- Years active: 1933–1935
- Location: United Kingdom
- Major figures: Wells Coates; Paul Nash; Henry Moore; Ben Nicholson;

= Unit One =

Unit One was a British grouping of Modernist artists founded by Paul Nash. The group included painters, sculptors and architects, and was active from 1933 to 1935. It held one exhibition, which began at the Mayor Gallery in Cork Street, London, and then went on an extended tour, closing in Belfast in 1935. The artists planned the group at meetings held at the Mayor Gallery; Paul Nash announced its creation in a letter to The Times on 12 June 1933. A book by Herbert Read, Unit One: the modern movement in English painting, sculpture, and architecture, was published at the time of the exhibition.

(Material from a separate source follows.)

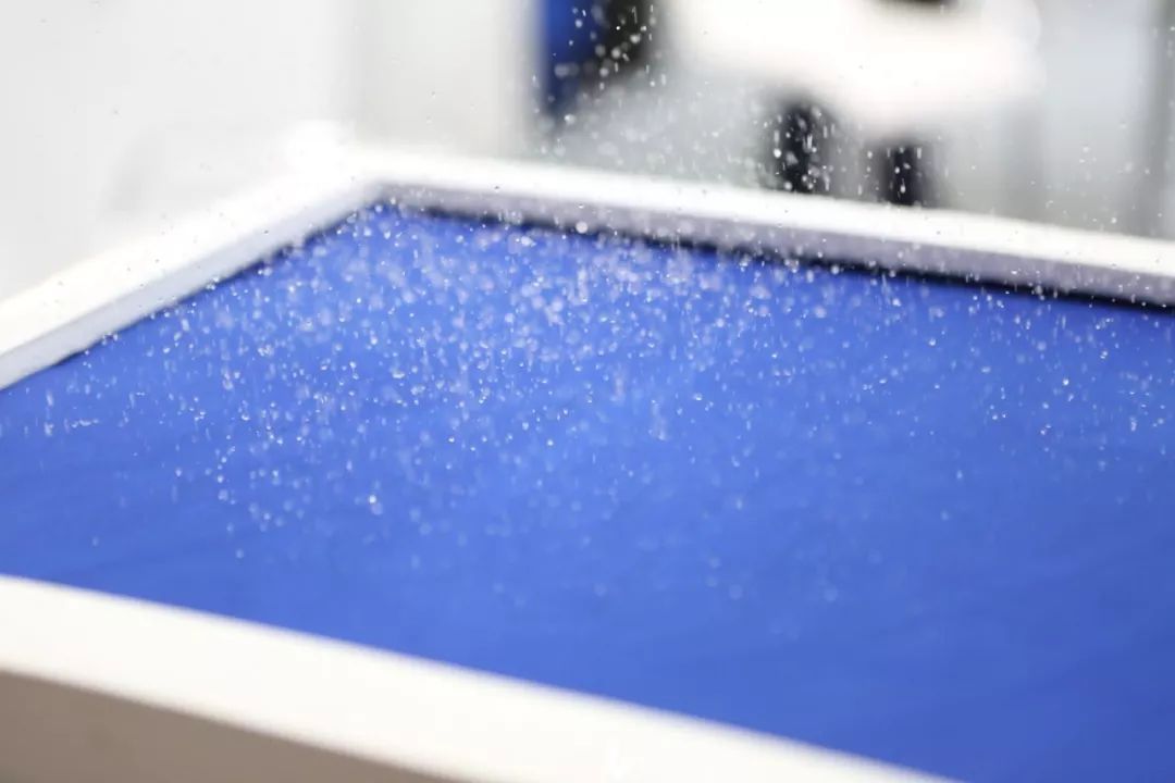 在遍地都是优质产品的intertextile秋冬面辅料展上,要想第一时间获得关注,不仅东西要好,更要抓人眼球。开展进入第二天,展会上的很多新奇特就已刷爆“朋友圈”。扒开围观人群看到,原来大家抢着拍视频发朋友圈的是这些在面料上跳动的水珠!这种奇特的展示方式来自传化化工,作为一家助剂企业,在使用了无氟防水剂的面料上倒上水,通过特殊装置让水珠随着音乐跳跃??这样的防水演示又有料又有趣,吸引了众多观众驻足观赏。

Despite its brief period of activity, the group is regarded as influential in establishing the pre-eminence of London as a centre of modernist and abstract art and architecture in the mid-1930s.

== Members ==
The artists of the group were: the architects Wells Coates and Colin Lucas; the painters John Armstrong, John Bigge, Edward Burra, Frances Hodgkins, Paul Nash, Ben Nicholson and Edward Wadsworth; and the sculptors Barbara Hepworth and Henry Moore. Frances Hodgkins soon left the group and was replaced by Tristram Hillier.